* Assignment *
Transcribe the data verbatim and drop its images.

++++ Task data ++++

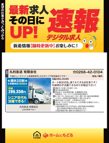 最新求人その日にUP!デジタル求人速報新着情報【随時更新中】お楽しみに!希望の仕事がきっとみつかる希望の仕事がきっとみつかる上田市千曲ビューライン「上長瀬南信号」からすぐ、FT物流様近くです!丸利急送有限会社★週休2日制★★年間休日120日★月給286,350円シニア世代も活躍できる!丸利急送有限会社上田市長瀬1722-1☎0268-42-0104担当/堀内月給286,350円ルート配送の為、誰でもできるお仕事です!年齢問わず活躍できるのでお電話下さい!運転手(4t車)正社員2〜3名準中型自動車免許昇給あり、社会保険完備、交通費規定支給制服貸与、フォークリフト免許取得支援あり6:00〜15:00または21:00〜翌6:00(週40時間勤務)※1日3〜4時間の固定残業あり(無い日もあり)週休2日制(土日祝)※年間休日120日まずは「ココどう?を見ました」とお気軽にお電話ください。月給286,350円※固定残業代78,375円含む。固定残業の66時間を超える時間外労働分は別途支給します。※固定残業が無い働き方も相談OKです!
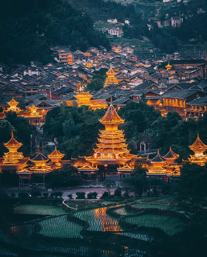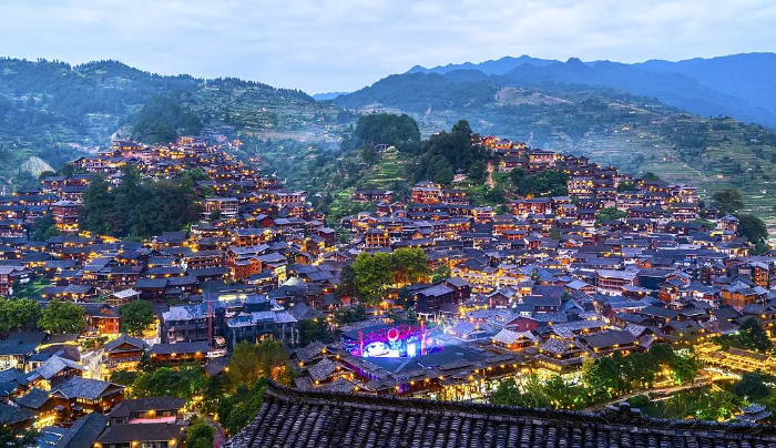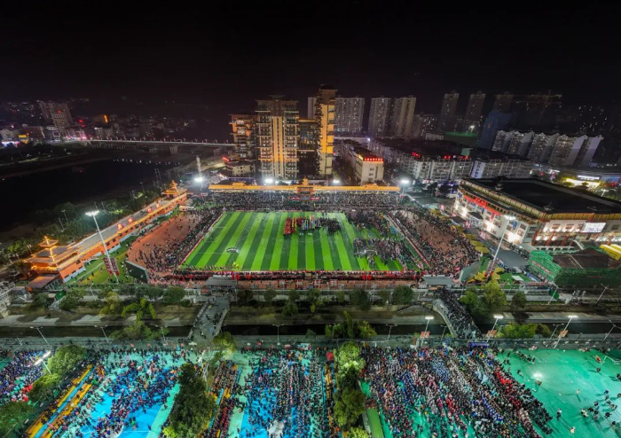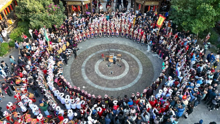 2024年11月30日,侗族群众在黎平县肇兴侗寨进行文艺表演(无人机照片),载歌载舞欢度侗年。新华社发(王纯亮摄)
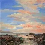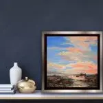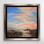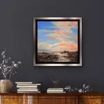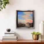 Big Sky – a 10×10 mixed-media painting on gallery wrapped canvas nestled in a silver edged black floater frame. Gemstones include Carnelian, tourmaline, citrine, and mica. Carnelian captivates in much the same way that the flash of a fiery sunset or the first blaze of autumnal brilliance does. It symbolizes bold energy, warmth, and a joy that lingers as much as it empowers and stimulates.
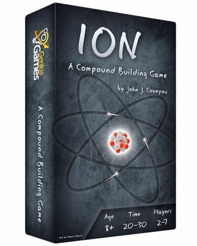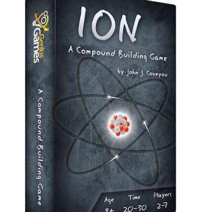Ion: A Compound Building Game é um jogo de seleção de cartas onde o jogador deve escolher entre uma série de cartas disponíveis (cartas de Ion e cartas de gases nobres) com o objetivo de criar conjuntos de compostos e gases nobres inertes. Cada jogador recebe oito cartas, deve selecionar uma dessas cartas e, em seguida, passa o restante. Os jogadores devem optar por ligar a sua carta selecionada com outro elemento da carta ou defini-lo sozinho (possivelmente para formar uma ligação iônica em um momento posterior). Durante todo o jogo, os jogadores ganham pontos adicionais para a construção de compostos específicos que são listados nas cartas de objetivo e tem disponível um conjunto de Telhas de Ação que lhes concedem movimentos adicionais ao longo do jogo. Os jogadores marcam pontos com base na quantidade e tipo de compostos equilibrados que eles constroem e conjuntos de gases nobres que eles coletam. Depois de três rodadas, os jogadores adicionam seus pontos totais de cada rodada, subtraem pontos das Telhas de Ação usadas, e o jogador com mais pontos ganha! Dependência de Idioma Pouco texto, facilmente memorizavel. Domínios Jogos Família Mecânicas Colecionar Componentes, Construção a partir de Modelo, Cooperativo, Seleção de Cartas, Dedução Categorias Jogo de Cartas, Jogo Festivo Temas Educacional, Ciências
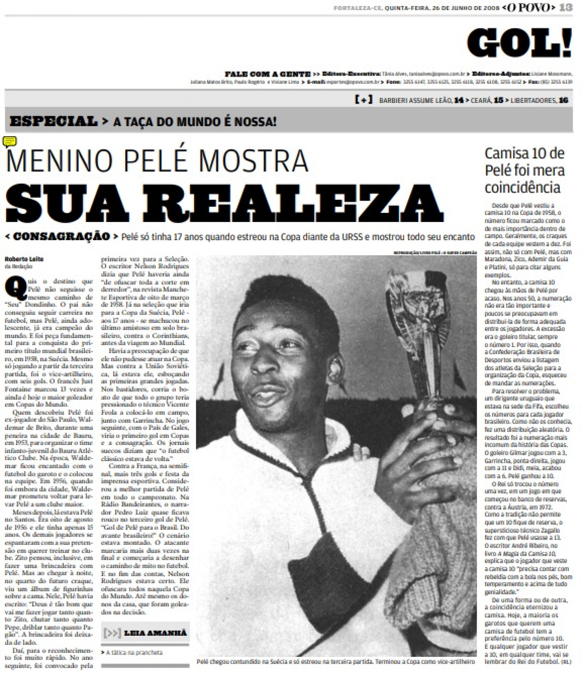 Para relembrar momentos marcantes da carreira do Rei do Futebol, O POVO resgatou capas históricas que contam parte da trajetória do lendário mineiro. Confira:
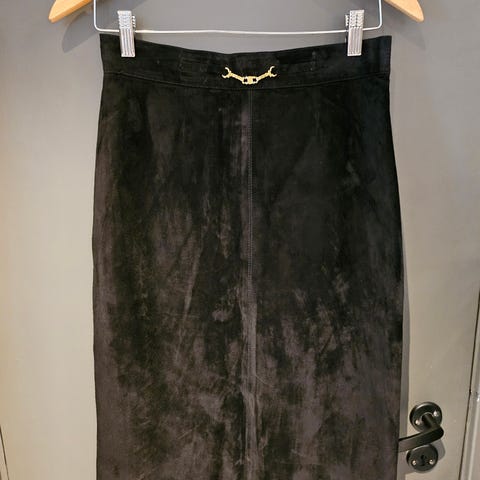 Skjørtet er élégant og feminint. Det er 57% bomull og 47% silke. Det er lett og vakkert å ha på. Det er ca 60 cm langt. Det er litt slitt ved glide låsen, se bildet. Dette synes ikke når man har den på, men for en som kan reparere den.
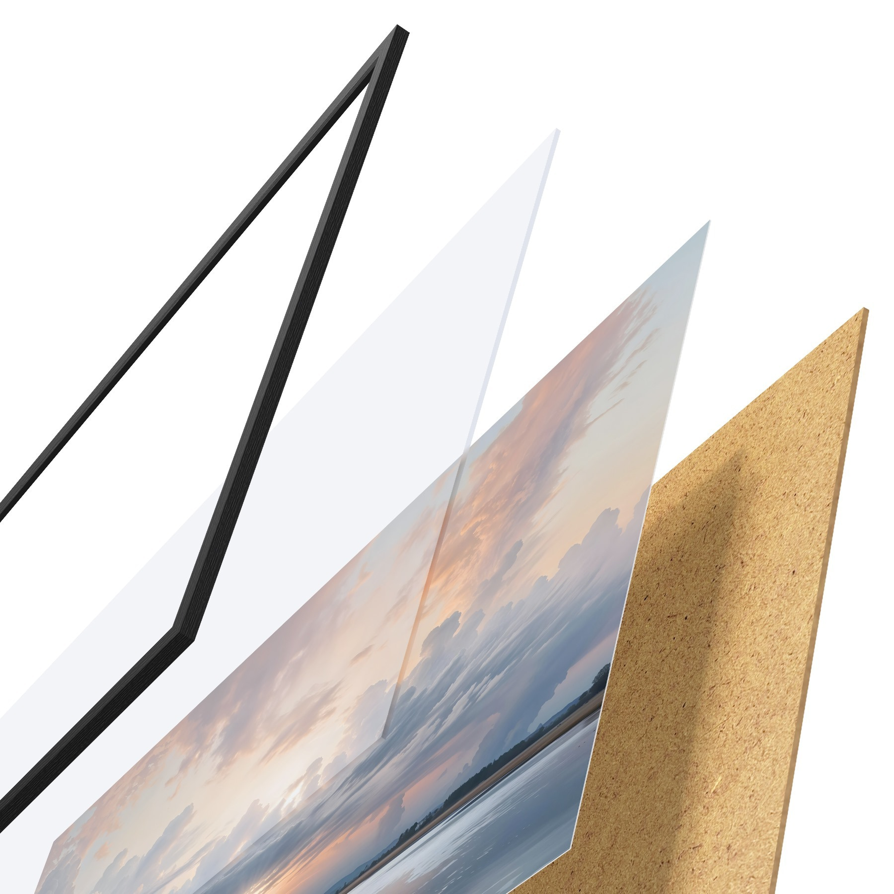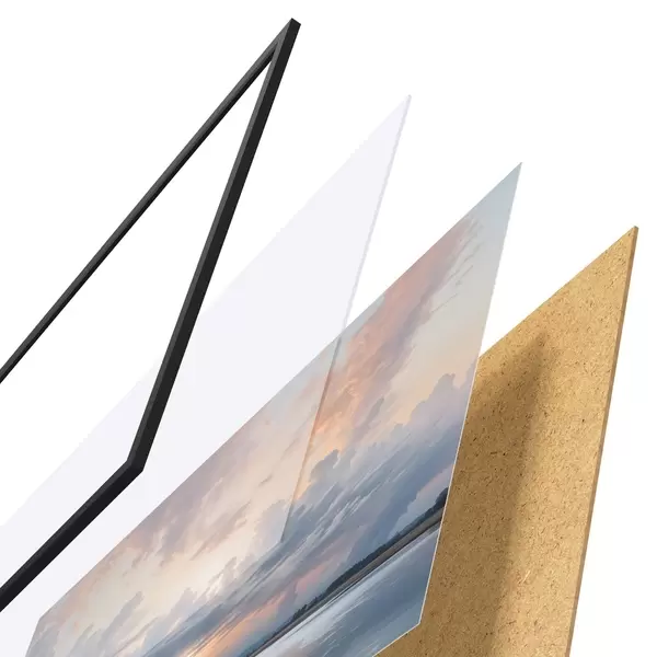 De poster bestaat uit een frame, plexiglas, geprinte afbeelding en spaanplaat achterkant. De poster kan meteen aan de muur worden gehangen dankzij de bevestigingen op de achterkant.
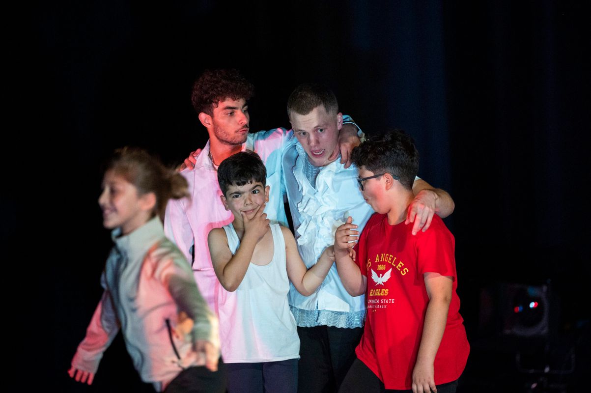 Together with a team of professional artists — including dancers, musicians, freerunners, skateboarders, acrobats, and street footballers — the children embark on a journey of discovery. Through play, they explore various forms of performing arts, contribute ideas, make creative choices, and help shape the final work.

++++

* Result of this task *
 最新求人その日にUP!デジタル求人速報新着情報【随時更新中】お楽しみに!希望の仕事がきっとみつかる希望の仕事がきっとみつかる上田市千曲ビューライン「上長瀬南信号」からすぐ、FT物流様近くです!丸利急送有限会社★週休2日制★★年間休日120日★月給286,350円シニア世代も活躍できる!丸利急送有限会社上田市長瀬1722-1☎0268-42-0104担当/堀内月給286,350円ルート配送の為、誰でもできるお仕事です!年齢問わず活躍できるのでお電話下さい!運転手(4t車)正社員2〜3名準中型自動車免許昇給あり、社会保険完備、交通費規定支給制服貸与、フォークリフト免許取得支援あり6:00〜15:00または21:00〜翌6:00(週40時間勤務)※1日3〜4時間の固定残業あり(無い日もあり)週休2日制(土日祝)※年間休日120日まずは「ココどう?を見ました」とお気軽にお電話ください。月給286,350円※固定残業代78,375円含む。固定残業の66時間を超える時間外労働分は別途支給します。※固定残業が無い働き方も相談OKです!
 2024年11月30日,侗族群众在黎平县肇兴侗寨进行文艺表演(无人机照片),载歌载舞欢度侗年。新华社发(王纯亮摄)
 Big Sky – a 10×10 mixed-media painting on gallery wrapped canvas nestled in a silver edged black floater frame. Gemstones include Carnelian, tourmaline, citrine, and mica. Carnelian captivates in much the same way that the flash of a fiery sunset or the first blaze of autumnal brilliance does. It symbolizes bold energy, warmth, and a joy that lingers as much as it empowers and stimulates.
Ion: A Compound Building Game é um jogo de seleção de cartas onde o jogador deve escolher entre uma série de cartas disponíveis (cartas de Ion e cartas de gases nobres) com o objetivo de criar conjuntos de compostos e gases nobres inertes. Cada jogador recebe oito cartas, deve selecionar uma dessas cartas e, em seguida, passa o restante. Os jogadores devem optar por ligar a sua carta selecionada com outro elemento da carta ou defini-lo sozinho (possivelmente para formar uma ligação iônica em um momento posterior). Durante todo o jogo, os jogadores ganham pontos adicionais para a construção de compostos específicos que são listados nas cartas de objetivo e tem disponível um conjunto de Telhas de Ação que lhes concedem movimentos adicionais ao longo do jogo. Os jogadores marcam pontos com base na quantidade e tipo de compostos equilibrados que eles constroem e conjuntos de gases nobres que eles coletam. Depois de três rodadas, os jogadores adicionam seus pontos totais de cada rodada, subtraem pontos das Telhas de Ação usadas, e o jogador com mais pontos ganha! Dependência de Idioma Pouco texto, facilmente memorizavel. Domínios Jogos Família Mecânicas Colecionar Componentes, Construção a partir de Modelo, Cooperativo, Seleção de Cartas, Dedução Categorias Jogo de Cartas, Jogo Festivo Temas Educacional, Ciências
 Para relembrar momentos marcantes da carreira do Rei do Futebol, O POVO resgatou capas históricas que contam parte da trajetória do lendário mineiro. Confira:
 Skjørtet er élégant og feminint. Det er 57% bomull og 47% silke. Det er lett og vakkert å ha på. Det er ca 60 cm langt. Det er litt slitt ved glide låsen, se bildet. Dette synes ikke når man har den på, men for en som kan reparere den.
 De poster bestaat uit een frame, plexiglas, geprinte afbeelding en spaanplaat achterkant. De poster kan meteen aan de muur worden gehangen dankzij de bevestigingen op de achterkant.
 Together with a team of professional artists — including dancers, musicians, freerunners, skateboarders, acrobats, and street footballers — the children embark on a journey of discovery. Through play, they explore various forms of performing arts, contribute ideas, make creative choices, and help shape the final work.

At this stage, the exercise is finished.